Ознакомительная версия.
Счастливая толпа, гневная толпа, колеблющаяся толпа, свет, блеснувший на мгновение (особенно - среди интеллигенции и рабочих), и кровавый развал всего, и искусственно продлеваемая война, преступно и бессмысленно подогреваемый патриотизм, дешевый и вредный, и слова, слова, и неумение сделать то, что нужно, - все было в ту весну и в то лето, кроме быстрых, верных и необходимых мер. Не было гения, а когда пришел Октябрь, то мы все оказались не с ним (даже Горький в своих "Несвоевременных мыслях"), потому что мы не могли принять ни "немецких денег", ни постепенного уничтожения целых классов населения, ни грозящей гибели двух поколений интеллигенции, ни "все позволено" ленинской идеологии, ни снижения культуры, ни ставки на мировую революцию.

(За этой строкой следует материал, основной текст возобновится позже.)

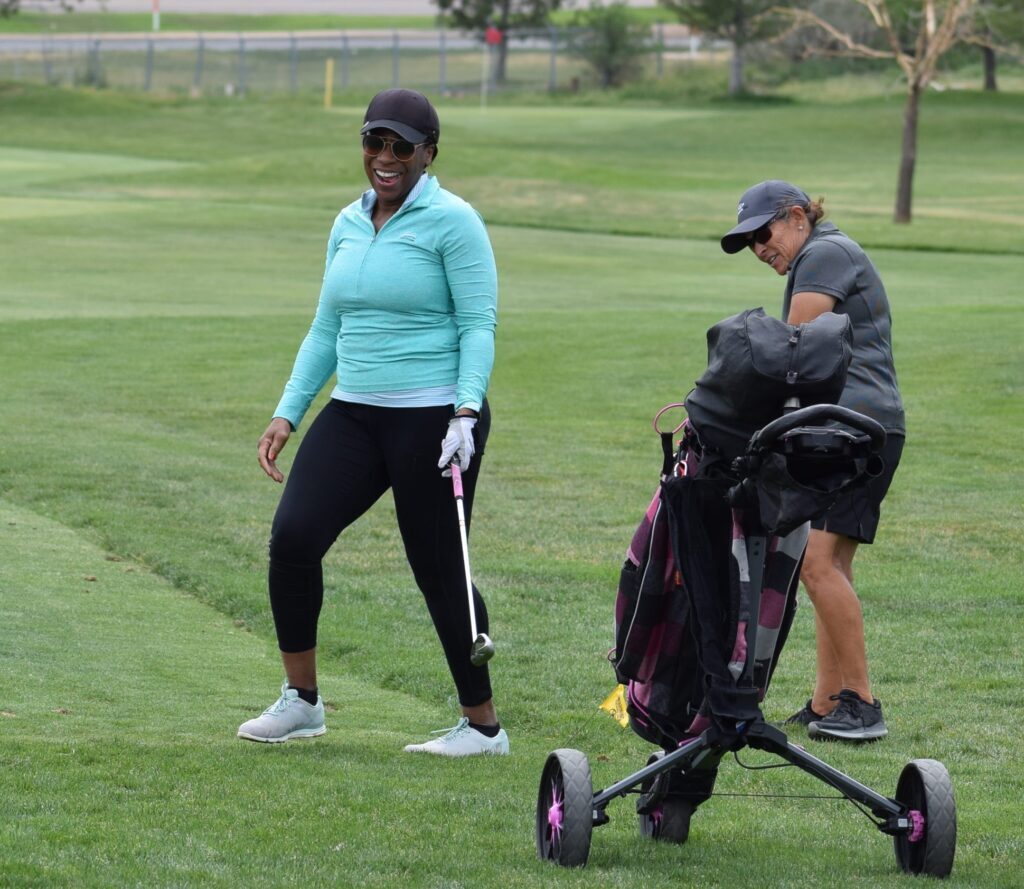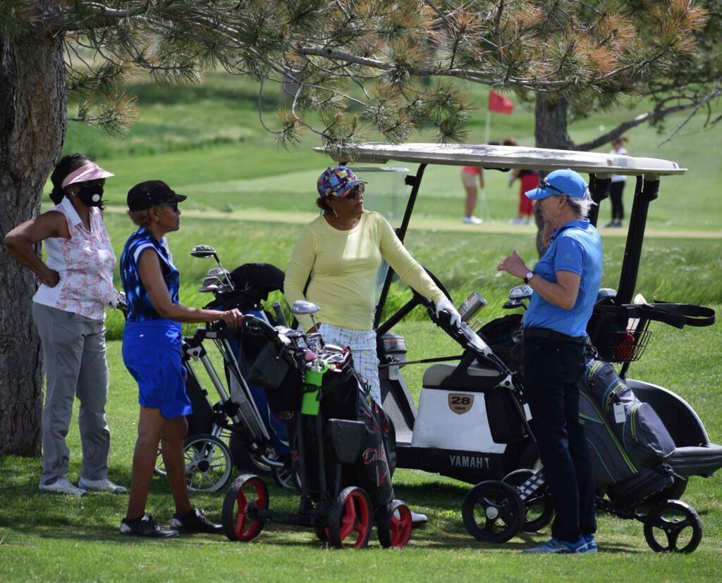 “After I had so much fun last year (at a CGA On-Course Clinic at Stoney Creek Golf Course in Arvada), I was going to try to do as many (as I could in 2020), but this corona thing came around,” said Valerie Love of Aurora, one of Saturday’s participants. “Then Sandria (Moses) — who is kind of our ringleader — told me it opened up at CommonGround, so we signed up. I wanted to do it; I really did.
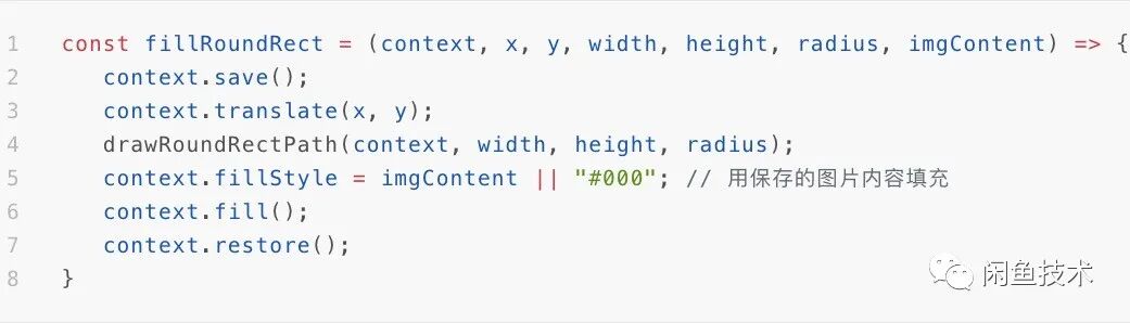 createPattern的方式在canvas上获取图片内容,再利用Path的方式,绘制对应的路线,利用canvas.arc绘制圆弧部分,利用canvas.lineTo绘制直线部分,截取想要的内容,实现圆角矩形。 -
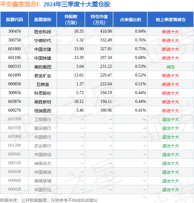 从基金规模来看,平安鑫享混合E基金2024年三季度公布的基金规模为2.64亿元,较上一期规模3.25亿元变化了-6119.6万元,环比变化了-18.81%。该基金最新一期资产配置为:股票占净值比14.57%,债券占净值比100.78%,现金占净值比1.92%。从基金持仓来看,该基金当季前十大股票仓位达5.98%,第一大重仓股为胜宏科技(300476),持仓占比为0.94%。
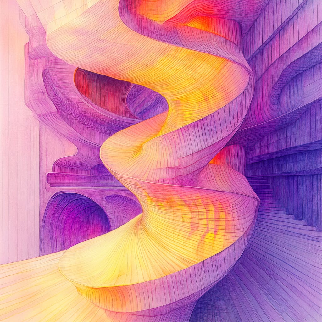- Twisting architectural spirals, elegant helix-like columns, flowing curves with biomorphic influence, glowing details, dynamic and gravity-defying structures, seamless transitions between solid and void --sref 655345489 --v 6.1 --stylize 200
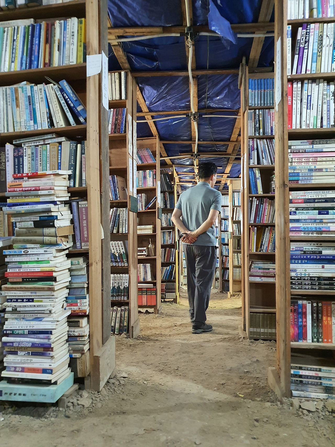 비스듬한 경사에 위에서 내려다 보이는 책방 통로는 영국 왕립도서관 부럽지 않은 풍경이었다. 헌책 특유의 냄새가 후각을 자극했다. 좋았다. 흙바닥이라 울퉁불퉁했지만 물이 흘러 들어온 흔적은 보이지 않았다. 꽤 많은 책들이 가지런히 혹은 무더기로 쌓여 있었다. 통로 쪽 책꽂이에는 작은 종이로 세계문학, 한국문학, 시험 서적, 학습지, 만화 등 분류표시가 되어 있었다. 책 모양을 갖춘 것들은 다 있는 듯했다.
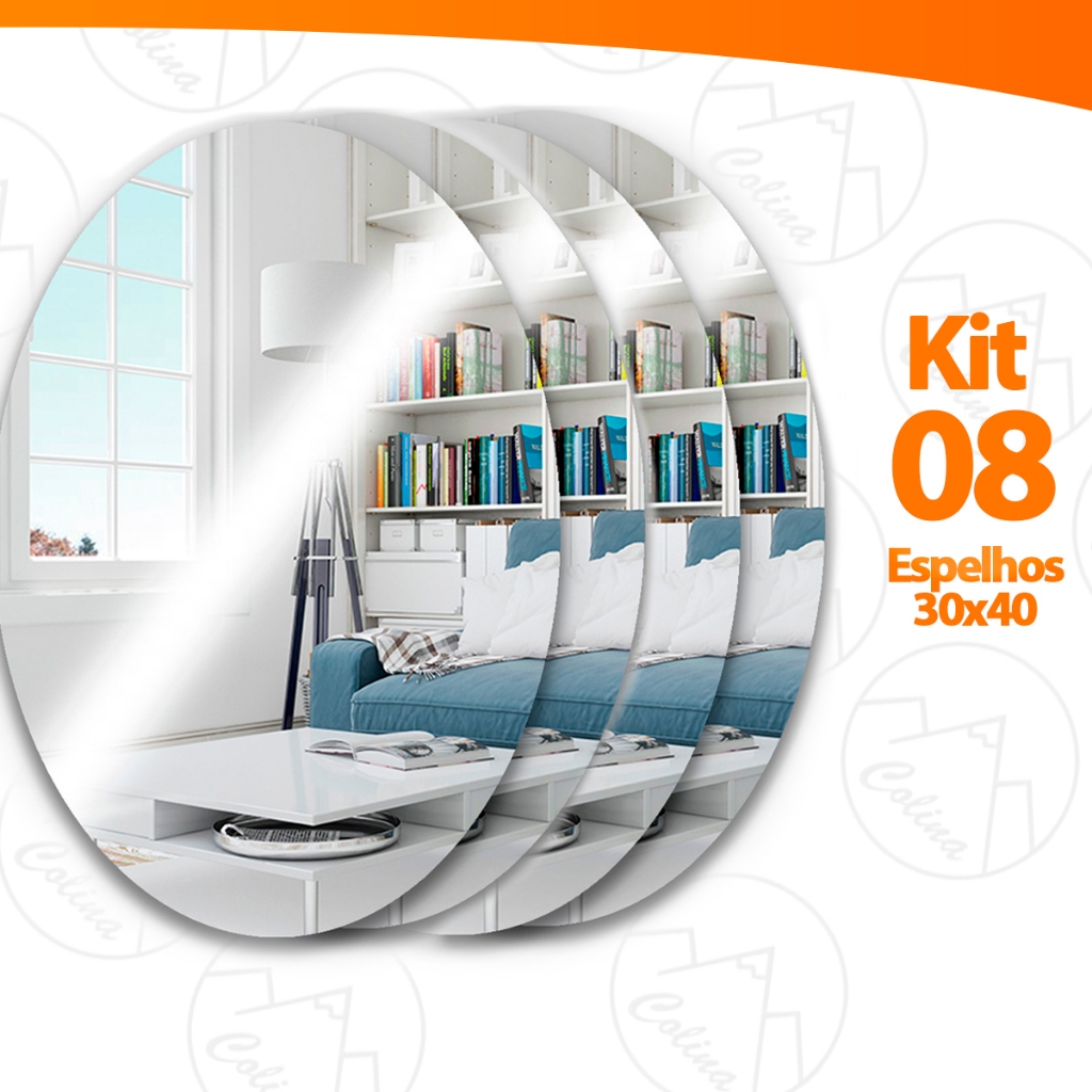 Kit 8x Espelho Placa Adesivo 30x40 Oval Acrílico Decorativo Sala Banheiro

Кстати - о немецких деньгах. Теперь, когда факты о них раскрыты и берлинские архивы времен Кайзера стали известны, непонятно, почему эти факты вот уже скоро пятьдесят лет скрываются в Советском Союзе и почему, будучи пораженцем, Ленин не мог этими деньгами воспользоваться? И почему, воспользовавшись ими, что было вполне логично, он потом отрицал это, как и его окружение? Керенский в 1959 году говорил мне, что он достоверно знал весной 1917 года об этом факте (получение Лениным сумм от Кюльманна-Людендорфа), но не мог раскрыть эту тайну, неопровержимо доказать этот факт, так как был связан клятвой. Какой? С кем связан? С Палеологом и Бьюкененом (послами Франции и Англии)? Или с Альбером Тома? Но какая клятва могла быть для Керенского важнее, чем та присяга, которую он принял как председатель совета министров российского Временного правительства? Ек. Дм. Кускова оставила в своем архиве, в Техасе, документы, из которых явствует, что Некрасов, Терещенко и Переверзев, министры Керенского, были между собой связаны той же самой клятвой и потому ничего сделать не могли. Но Переверзев нарушил клятву.

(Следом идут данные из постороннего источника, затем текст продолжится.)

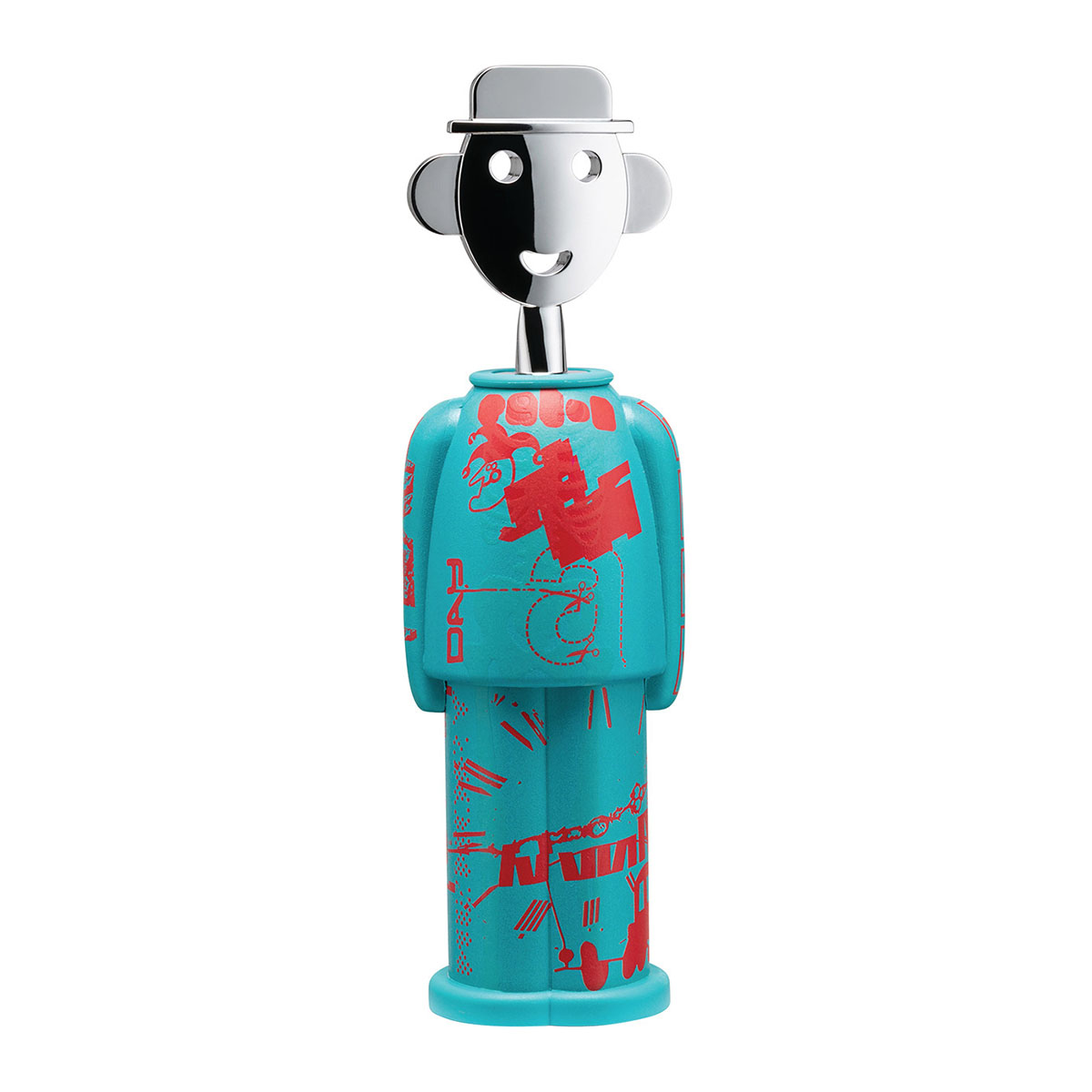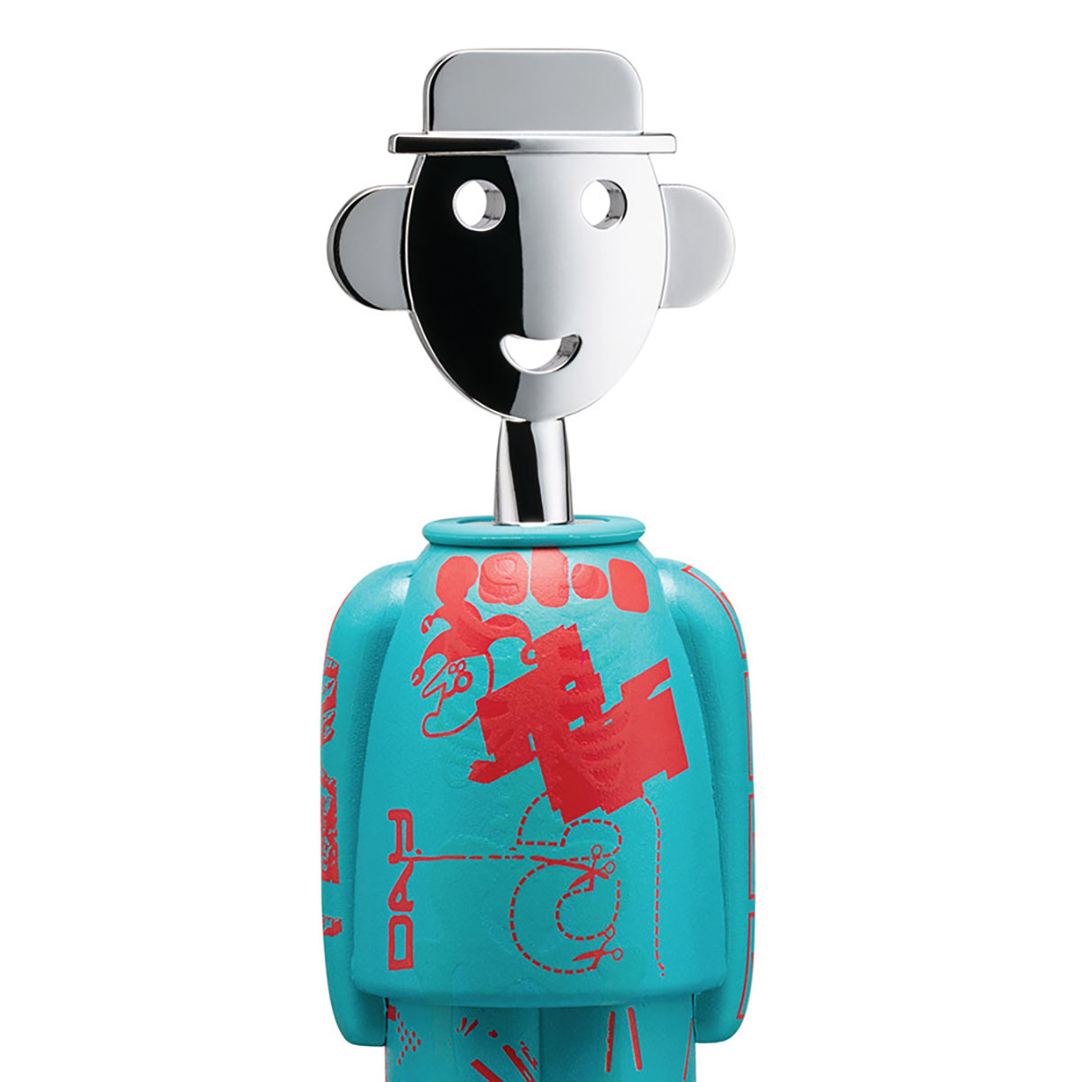 Le trio créatif de Studio Temp s’inspire du street art pour proposer une interprétation contemporaine de ce tire-bouchon d’Alessandro Mendini. Les graphismes reflètent une empreinte personnelle mêlant signalisation et protection des données. En hommage au père d’un designer radiologue, des éléments phosphorescents apparaissent dans l’obscurité, créant une juxtaposition surprenante de références et de souvenirs.

Все, или почти все, было ново для меня, как и для большинства, ново и радостно, потому что рушилось то, что не только возбуждало ненависть и презрение, но и стыд, стыд за подлость и глупость старого режима, стыд за гниение его на глазах у всего мира: Цусима, "Потемкин", Восточная Пруссия, Распутин, царица, виселицы и сам он, тот, кому нет и не может быть прощения, пока на земле останется хотя бы один русский. Он думал, что он второй царь Алексей Михайлович и что Россия - та самая допетровская Русь, которой нужны помазанники, синоды и жандармы, когда России нужны были быстрые шаги сквозь парламентский строй и капитализм к планированию, новым налогам, свободному слову и технологии двадцатого века, к цивилизации для всех, к грамотности для всех, к человеческому достоинству для каждого. А те шутники, которые пришли ему на смену, думали, что их пригласили на праздник: не понравилось - уйдем, а понравилось - останемся и будем веселиться, это - наш день. Но это был день России, и они этого не учли. Не учли, что их оглядка на демократических министров Франции и либеральных послов Англии не только смешна и недостойна, но и преступна и что сермяжный демос шел в историю, сметая все, и прежде всего их самих, на своем пути.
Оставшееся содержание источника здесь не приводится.